The data below holds a line containing "Panorama von Werningerode, Försterhaus, Gasthof" and a line containing "Lavender Quartz, Pink"; please quote exactly those two lines and every line between them, and nothing else.

### SOURCE DATA
---

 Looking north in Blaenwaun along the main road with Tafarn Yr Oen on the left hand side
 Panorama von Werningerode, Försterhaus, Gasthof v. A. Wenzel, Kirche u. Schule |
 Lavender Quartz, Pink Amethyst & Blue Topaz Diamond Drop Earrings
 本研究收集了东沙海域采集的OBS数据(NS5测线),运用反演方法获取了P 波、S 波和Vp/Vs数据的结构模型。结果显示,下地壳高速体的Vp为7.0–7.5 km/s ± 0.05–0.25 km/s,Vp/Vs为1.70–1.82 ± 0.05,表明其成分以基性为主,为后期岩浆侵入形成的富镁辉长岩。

---

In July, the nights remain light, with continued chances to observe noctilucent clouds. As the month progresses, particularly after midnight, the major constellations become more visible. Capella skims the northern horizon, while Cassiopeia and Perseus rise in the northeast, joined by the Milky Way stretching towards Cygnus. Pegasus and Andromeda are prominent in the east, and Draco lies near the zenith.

---

### RESPONSE BELOW
 Panorama von Werningerode, Försterhaus, Gasthof v. A. Wenzel, Kirche u. Schule |
 Lavender Quartz, Pink Amethyst & Blue Topaz Diamond Drop Earrings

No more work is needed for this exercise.